Professional sports teams have decided the toxic antics of athletes such as Stephon Marbury, Terrell "T.O." Owens and Manny Ramirez are not worth their superstar abilities
| By Entourage, July/August 2009
Renegade Athletes

It's a Monday night in late February, nearly three-quarters of the way through the 2008-2009 NBA season, and the pasty-faced man who single-handedly whacked point guard Stephon Marbury from the New York Knicks' existence is holed up in his office in the bowels of Madison Square Garden, sifting through a mass of papers while taking quick drags of water from a plastic bottle.

When Mike D'Antoni ed up the cushy Chicago Bulls' coaching gig to take on the same position with the dreaded Knicks in May 2008, some friends thought he'd totally lost it, if not committed career suicide. Why would a coach with such a stellar track record, building the Phoenix Suns from a nothing, spiritless bunch into a Pacific Division run-and-gun powerhouse, do a crazy thing like that? Why would he follow the self-destructions of Larry Brown and Isiah Thomas into such a black hole of an organization—a bottom-dwelling team of hopelessly negative vibes, terribly disconnected parts, and a ridiculously bloated payroll, which not only hadn't cracked above the .500 mark in seven straight seasons but suffered through two years in which they lost more than 70 percent of their games? Well, everybody needs a challenge, is how D'Antoni essentially would put it later, smiling as if he knew something the rest of us didn't.

His biggest challenge, of course, was what to do with the chronically unhappy Marbury, the team's highest-paid player (at an obese $21 million a year), lone legitimate star, and resident problem child, whom D'Antoni's Suns, coincidentally or not, had traded away to the Knicks in January 2004. In the time since, the man who once proclaimed himself "the best point guard in the NBA"—to mostly rolling eyes and snickers—had not only become the grim, if not glowering face of a once-great franchise, but its abysmal body language: slumped over on the bench, head hung low, white towel draped over him.

Marbury's highlight reel with the Knicks, his fourth pro team, featured neither a single play-off victory nor a shred of any ability to make those around him better (to where, under his shoot-first, -second guidance, the team plummeted to dead last in assists one season).
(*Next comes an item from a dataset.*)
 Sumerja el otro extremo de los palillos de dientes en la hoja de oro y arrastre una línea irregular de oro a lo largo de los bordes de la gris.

Instead, there were a string of protracted beefs with coaches, including an eyeball-to-eyeball confrontation with Isiah aboard a team plane, in which afterward he reportedly issued the cryptic threat: "Isiah has to start me. I've got so much shit on Isiah—and he knows it." There were suspensions and fines, and one odious appearance in the Anucha Browne Sanders sexual harassment case against Isiah and MSG in which Marbury itted on the witness stand to an extramarital romp with a Knicks' intern in the back of a truck.

D'Antoni's answer to the Marbury situation was simple, shocking, and unprecedented: a preemptive strike of addition by subtraction. From Day One of the regular season, without a triggering incident or a hint of forewarning, he performed a David Blaine trick, if not something taken from an episode of the "Sopranos": He made the perfectly healthy, tatted-up guard all but disappear right before our eyes, pinning him to the bench and keeping him there, ultimately having him dressed in civvies and listed among the "inactive" walking dead, as if to say: "I'll be damned if I give this guy a chance to screw it up for me the way he did all the others."
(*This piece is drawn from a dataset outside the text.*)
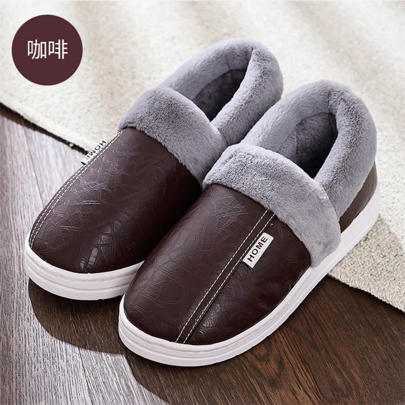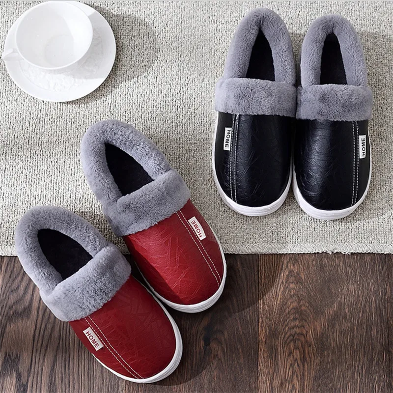 Тапки женские и мужские кожаные, меховые боковые шлепанцы, плюшевые теплые домашние Тапочки

It not only stunned Marbury, but supposedly caught MSG owner James Dolan and Knicks team president Donnie Walsh completely by surprise as well. While some felt the unusual move was entirely understandable, if not well deserved, others viewed it as mean-spirited with the Knicks refusing to release him to play elsewhere and Marbury doing a decent job of painting himself as a powerless, pissed-on David fighting a soulless "billion-dollar" Goliath. "[Marbury] was actually looking like the victim, for a change," says the ever-frank ESPN basketball analyst Stephen A. Smith. "It seemed to me that [what the Knicks did at the beginning of the season] was juvenile. It created an unnecessary soap opera. Keeping him on the bench in street clothes? Just send him home. It was almost like [D'Antoni] wanted to embarrass him. Stephon deserved to be out there, in his jersey, competing for a spot. Besides, how can you sell Knicks fans that you're trying to win when your best player is sitting on the bench?" Adds a former head PR man for a major sports team, requesting anonymity: "[The Knicks] essentially robbed a year from a 30-something guy who has a limited window of playing opportunity. I hope a lot of thought went into that."

Yet what happened to Marbury was only the most enduring episode of a startling wave of events this winter, a seemingly righteous cultural shift, as if the collective powers that be in sports, finally fed up, said, "Enough's enough," and thusly conspired to unleash a karmic comeuppance, by any means necessary, on the most notorious malcontents and misanthropes, oddballs and yammer mouths, bad boys and drama kings.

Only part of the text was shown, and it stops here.